Of course, these encoding and decoding routines should be rigorously
tested.  Since what they do is take a C structure and turn it into a
binary blob of data, it is relatively easy to design both black box and
glass box tests to make sure the encoding and decoding routines really
are robust.  

Note that it is much, much easier to test these specialized routines for
correctness than it is to test routines that try to be general (such as
those used in professional databases).  Hence, it is quite reasonable
for us to expect our specialized routines will be at least as robust
and bug-free as professional general database, since they will likely
much smaller and much easier to verify correctness.


3)  Next, create subroutines that are used to delete, insert, and update
records for each C structure.  For each data structure, pick one field
which is guaranteed to be unique.  (I.e., volume name, tapeset name,
tape serial number, etc.)  That field will be the primary key for the
data structure, and it will also be the key for the DBM database.  There
will also be secondary indexes for those fields that require them.  Each
secondary index will be implemented by a DBM database, where the key is
the secondary key, and the data field is the primary key.

All of the routines that modify the on-disk DBM database will do the
following.  First, they will write a record to the journal log.  The
journal log is a flat-ascii text file, where each record is a line.
The database routines open the journal log in append and O_SYNC mode.
The record describes the change which the add/delete/modify routine is
about to make to the DBM databases.  The general form of the record is:

ADD	tapeset		"M23"  12  "string field 2" 23 "string field 3" ....
MODIFY	tapeset		"M23"  12  "string field 2" 23 "string field 3" ....
DELETE	tapeset		"M23"

As soon as this record is written to the journal log, it is immediately
flushed to disk; when this happen, this is the commit point for the
modification.  

The routines then proceed to modify all of the relevant database files.
In the case of an record addition operation, this means adding the
structure into the primary DBM database, and then adding the appropriate
index field to all of the secondary records.

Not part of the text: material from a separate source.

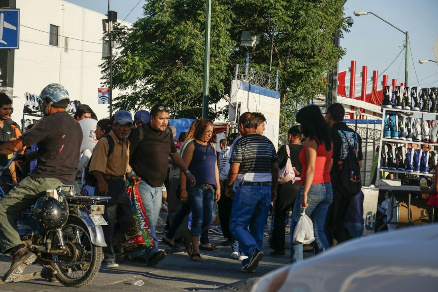 A traffic jam in Juarez, Mexico caused a 30 minute delay for those that got stuck before the train passed. As soon as they heard the train, people rushed across to pass the one-way street, La Ferrocarril, that the train intersects. In February 2015, 20 people died in a collision in Northern Mexico, according to the Chicago Tribune. Sometimes cars are still passing when the train is only a few feet away. A security guard tries to control the scene. Some people in the streets find it a good time to perform in front of the stalled cars to earn some spare change. Some people try crossing to the other side while the train is moving. In this picture, the train is stopped and people start crossing to the other side without knowing when the train will start running again.

4)  Periodically, the database is checkpointed as follows.  First, all
database modifications are prohibited during the check pointing process.
Secondly, all the of the modifications to DBM databases are flushed to
disk.  (Most DBM databases cache information in memory, and we need to
make sure that the disk copies are stable.)   Next, all of the relevant
database files are copied to a new directory.  Then, a pointer file is
created which points to the current position in the journal log; this
reflects the fact that the checkpoint reflects all of the changes up to
where the pointer file points to in the journal log.  

Finally, we execute the checkpoint swap operation; if we crash while a
checkpoint swap is happening, human intervention will be required to
complete the checkpoint swap.  The swap operation is simply one of
renaming the current checkpoint to "checkpoint.old", and renaming the
new checkpoint as the current checkpoint.  

If the backup system ever suffers from a catastrophic crash, it doesn't
matter if the main DBM files are completely trashed.  The recovery
process (which can happen automatically), is that checkpoint DBM files
are copied to the main DBM files.  The recovery process then runs over
the journal log, starting from the place indicated by the pointer file,
to update the checkpoint files so that they are updated to the last
committed operation (remember, an operation is defined as committed as
soon as it is written out to the journal file; this is why).

(For an example of how this works, observe that if the Moira database
ever crashes, we can take the previous night's backup, and reload it
into Ingres.  We can then take the journal log file from moira, and
massage it a little, and then feed the result straight into mrtest, to
update the database since the last night's full backup.  Unfortunately,
Moira's journal recovery process is not fully automatic, but then again
it was not designed as the primary journal recovery system; Ingres
supposedly has the journalling system at a lower layer, which is
supposed to be automatic.  Too bad it doesn't always work.  :-)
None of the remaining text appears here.